**WORK ORDER:** Ignore the pictures in the data below and set down exactly the lines from its first line through the line containing "Boasts an ethereal".
● ● ● ●
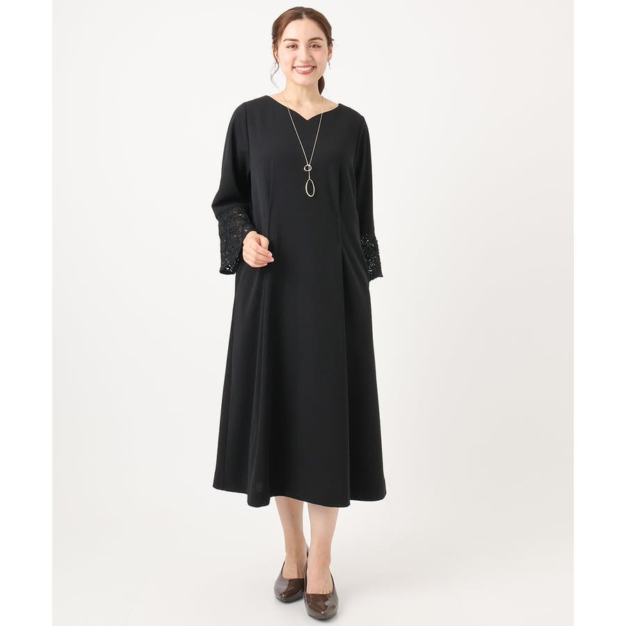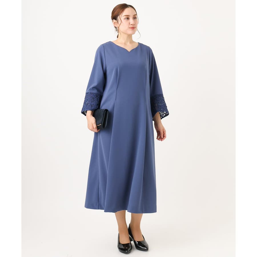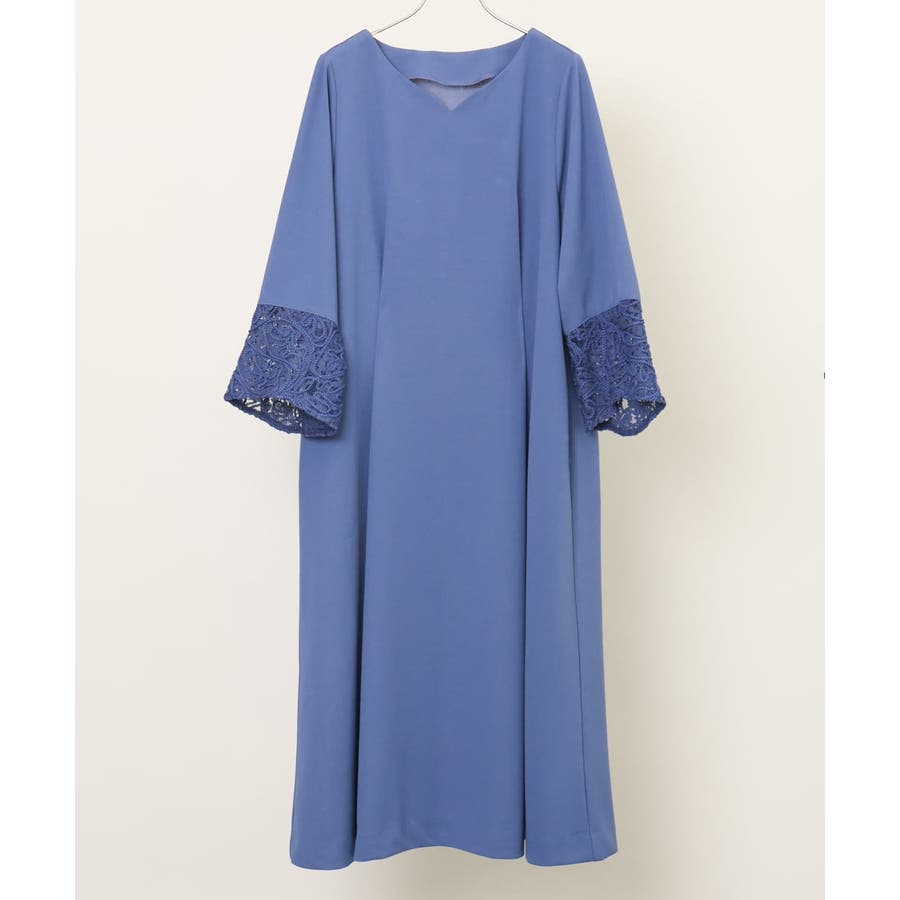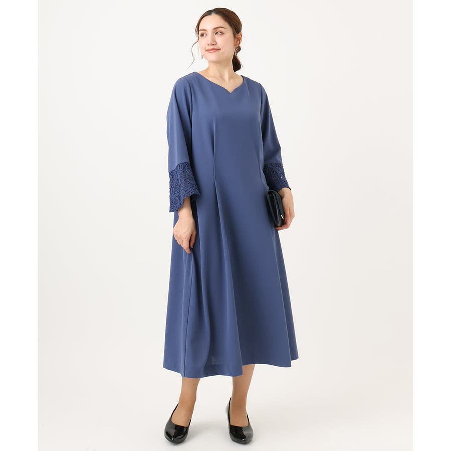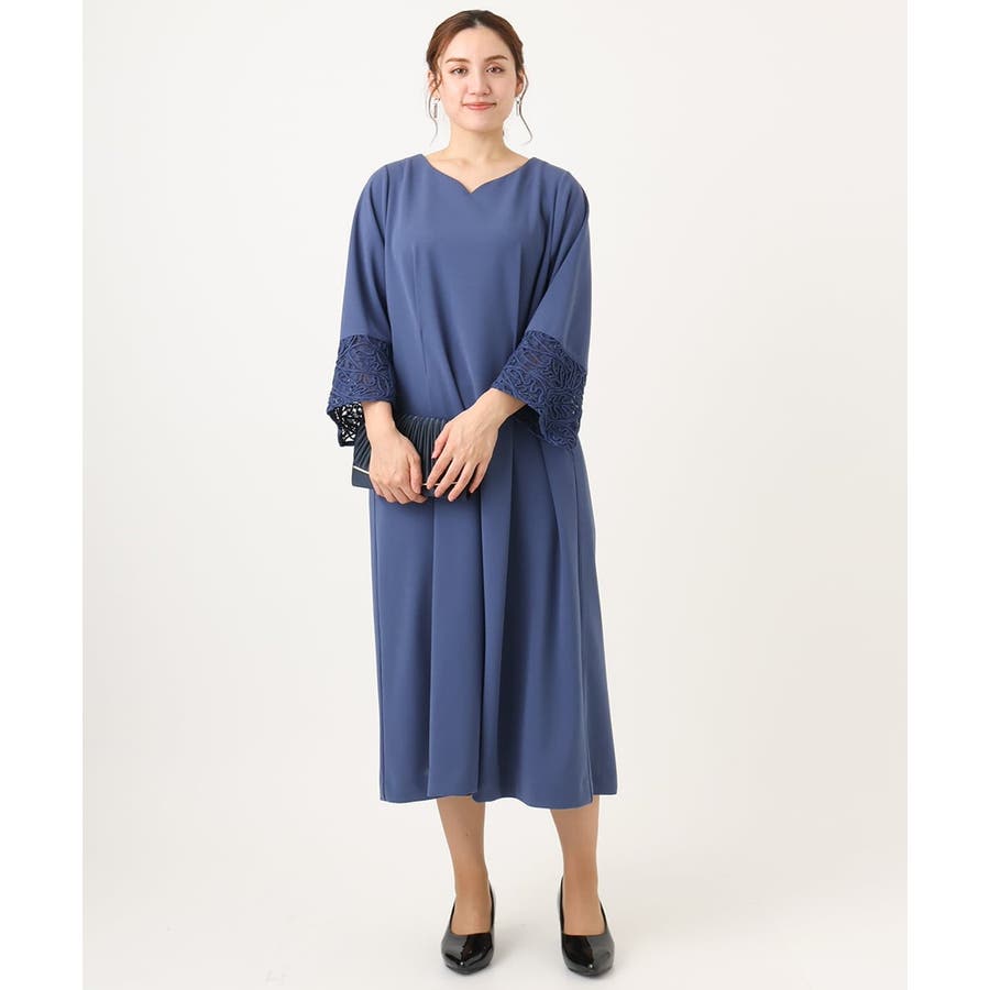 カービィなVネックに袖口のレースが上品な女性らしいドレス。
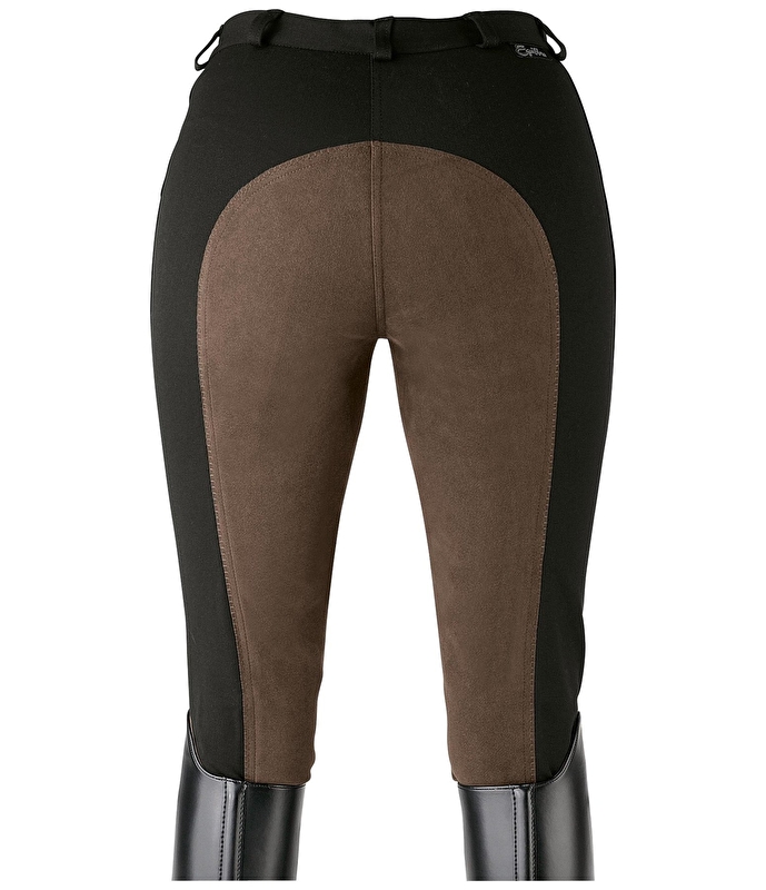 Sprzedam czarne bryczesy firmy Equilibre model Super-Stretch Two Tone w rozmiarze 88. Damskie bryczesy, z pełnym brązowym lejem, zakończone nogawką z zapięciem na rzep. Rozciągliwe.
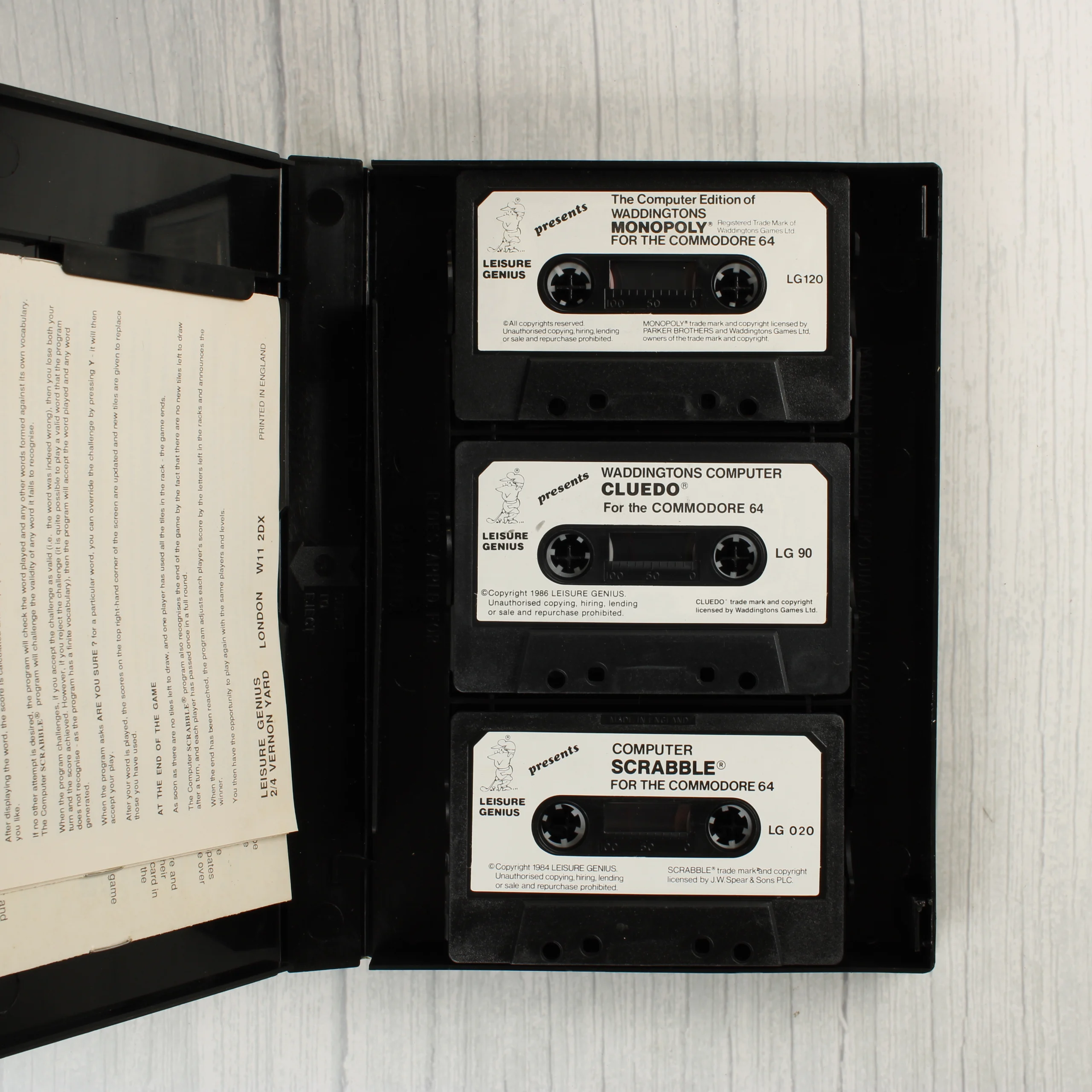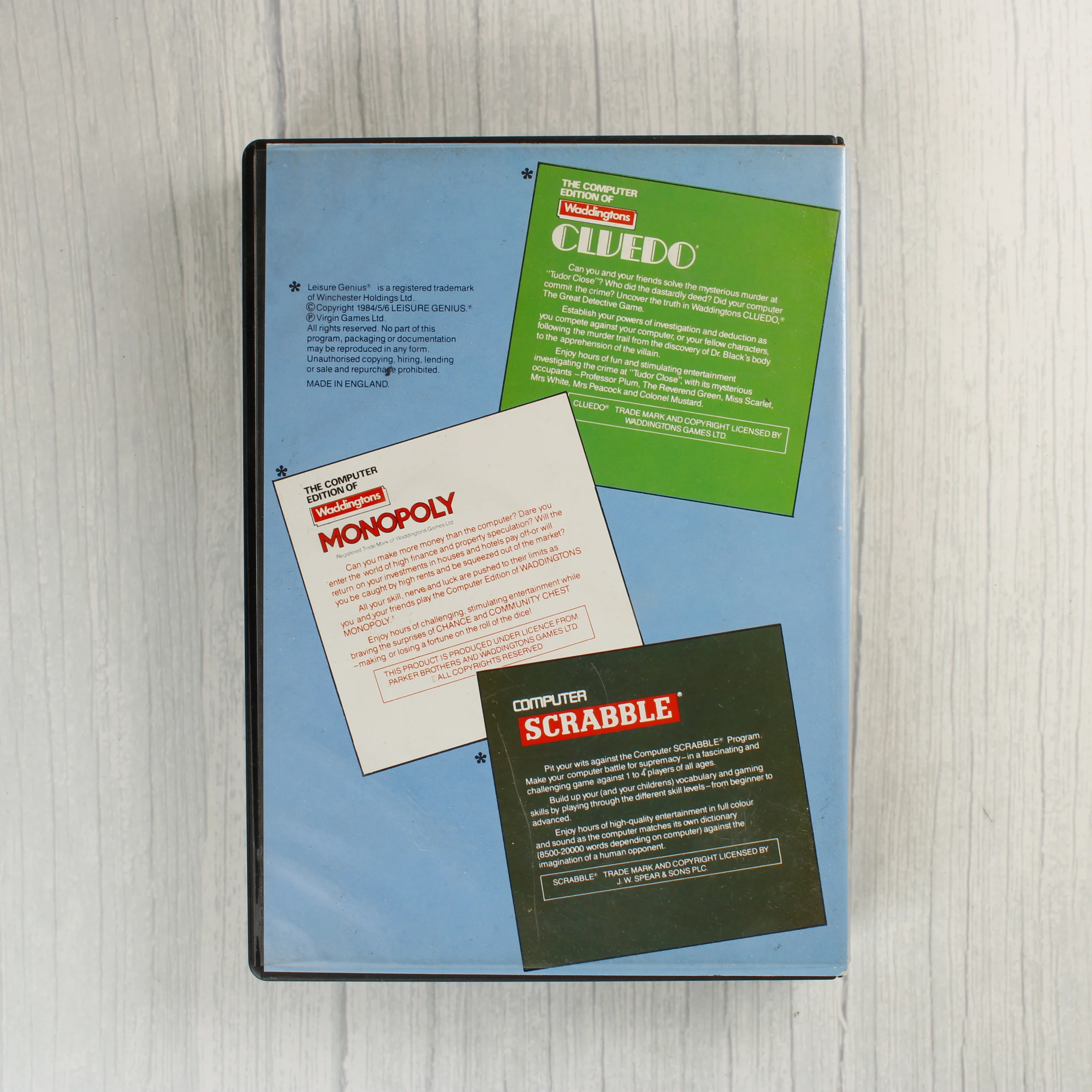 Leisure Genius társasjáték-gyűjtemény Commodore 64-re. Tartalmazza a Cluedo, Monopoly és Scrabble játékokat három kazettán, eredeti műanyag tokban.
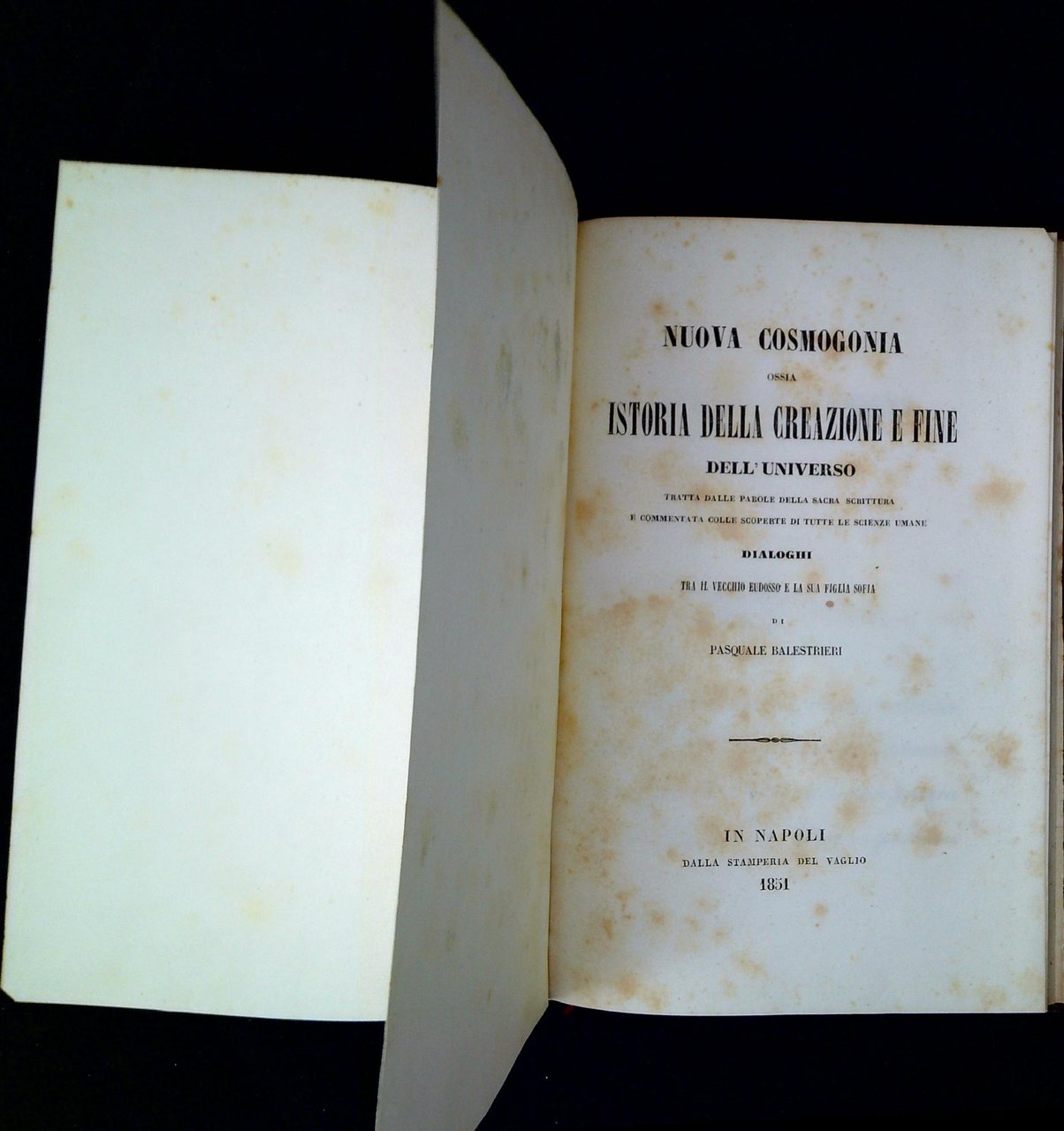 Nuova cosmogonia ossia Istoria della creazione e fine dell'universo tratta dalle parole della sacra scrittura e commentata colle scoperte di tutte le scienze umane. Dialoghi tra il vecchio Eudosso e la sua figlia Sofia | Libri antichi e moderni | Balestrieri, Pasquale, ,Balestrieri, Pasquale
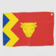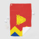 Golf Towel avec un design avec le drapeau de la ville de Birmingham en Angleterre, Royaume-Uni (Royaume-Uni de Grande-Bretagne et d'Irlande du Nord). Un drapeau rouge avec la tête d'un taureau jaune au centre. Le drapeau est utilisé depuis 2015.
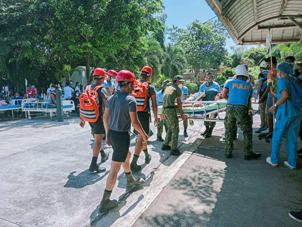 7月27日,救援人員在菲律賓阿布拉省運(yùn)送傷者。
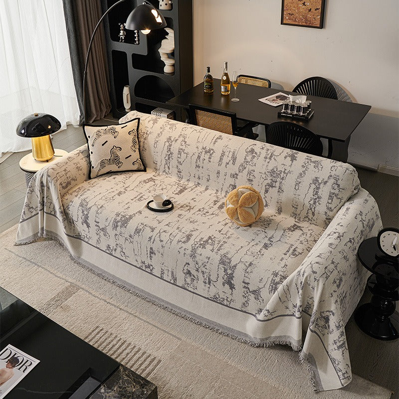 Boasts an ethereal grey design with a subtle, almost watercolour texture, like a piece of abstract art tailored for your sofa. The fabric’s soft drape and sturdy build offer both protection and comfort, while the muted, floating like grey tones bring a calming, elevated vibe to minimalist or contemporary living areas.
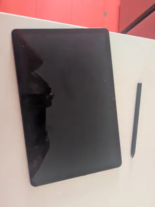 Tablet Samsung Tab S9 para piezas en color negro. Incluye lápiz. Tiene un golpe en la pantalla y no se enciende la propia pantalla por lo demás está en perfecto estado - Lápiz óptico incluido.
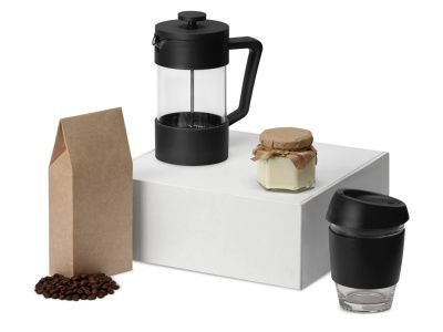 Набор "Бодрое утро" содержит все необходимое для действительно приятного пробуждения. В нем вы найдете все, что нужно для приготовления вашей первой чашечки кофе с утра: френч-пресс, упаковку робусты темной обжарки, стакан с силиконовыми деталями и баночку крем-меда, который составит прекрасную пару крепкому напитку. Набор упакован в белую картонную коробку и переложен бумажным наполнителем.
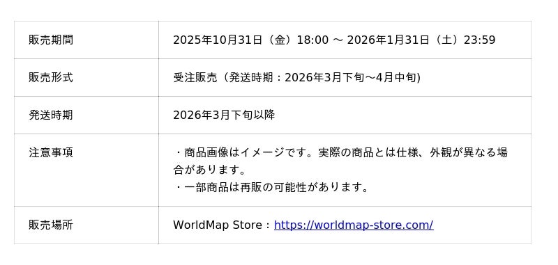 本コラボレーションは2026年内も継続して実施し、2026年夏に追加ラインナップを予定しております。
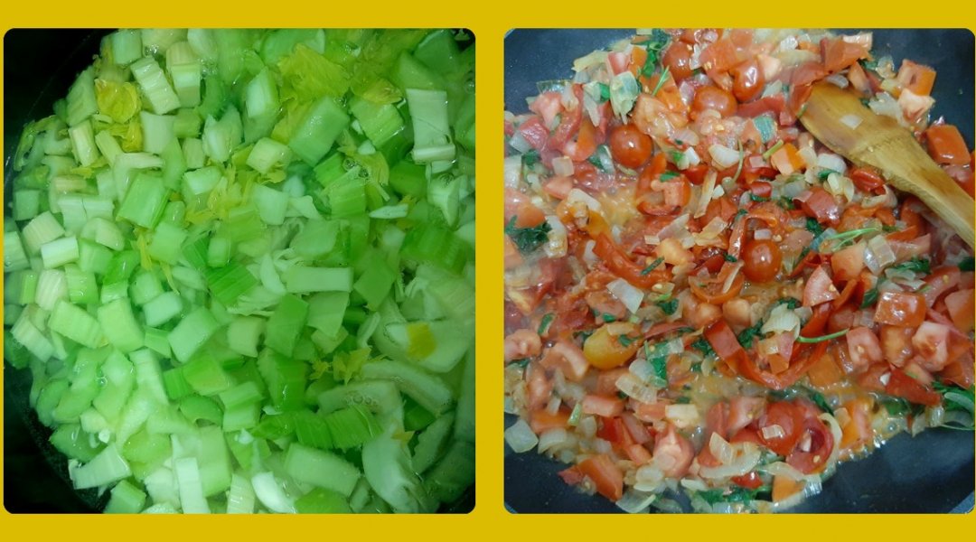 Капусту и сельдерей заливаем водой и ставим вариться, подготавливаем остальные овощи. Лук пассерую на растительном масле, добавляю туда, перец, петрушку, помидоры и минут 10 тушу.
● ● ● ●
**EXPECTED OUTPUT:**
 カービィなVネックに袖口のレースが上品な女性らしいドレス。
 Sprzedam czarne bryczesy firmy Equilibre model Super-Stretch Two Tone w rozmiarze 88. Damskie bryczesy, z pełnym brązowym lejem, zakończone nogawką z zapięciem na rzep. Rozciągliwe.
 Leisure Genius társasjáték-gyűjtemény Commodore 64-re. Tartalmazza a Cluedo, Monopoly és Scrabble játékokat három kazettán, eredeti műanyag tokban.
 Nuova cosmogonia ossia Istoria della creazione e fine dell'universo tratta dalle parole della sacra scrittura e commentata colle scoperte di tutte le scienze umane. Dialoghi tra il vecchio Eudosso e la sua figlia Sofia | Libri antichi e moderni | Balestrieri, Pasquale, ,Balestrieri, Pasquale
 Golf Towel avec un design avec le drapeau de la ville de Birmingham en Angleterre, Royaume-Uni (Royaume-Uni de Grande-Bretagne et d'Irlande du Nord). Un drapeau rouge avec la tête d'un taureau jaune au centre. Le drapeau est utilisé depuis 2015.
 7月27日,救援人員在菲律賓阿布拉省運(yùn)送傷者。
 Boasts an ethereal grey design with a subtle, almost watercolour texture, like a piece of abstract art tailored for your sofa. The fabric’s soft drape and sturdy build offer both protection and comfort, while the muted, floating like grey tones bring a calming, elevated vibe to minimalist or contemporary living areas.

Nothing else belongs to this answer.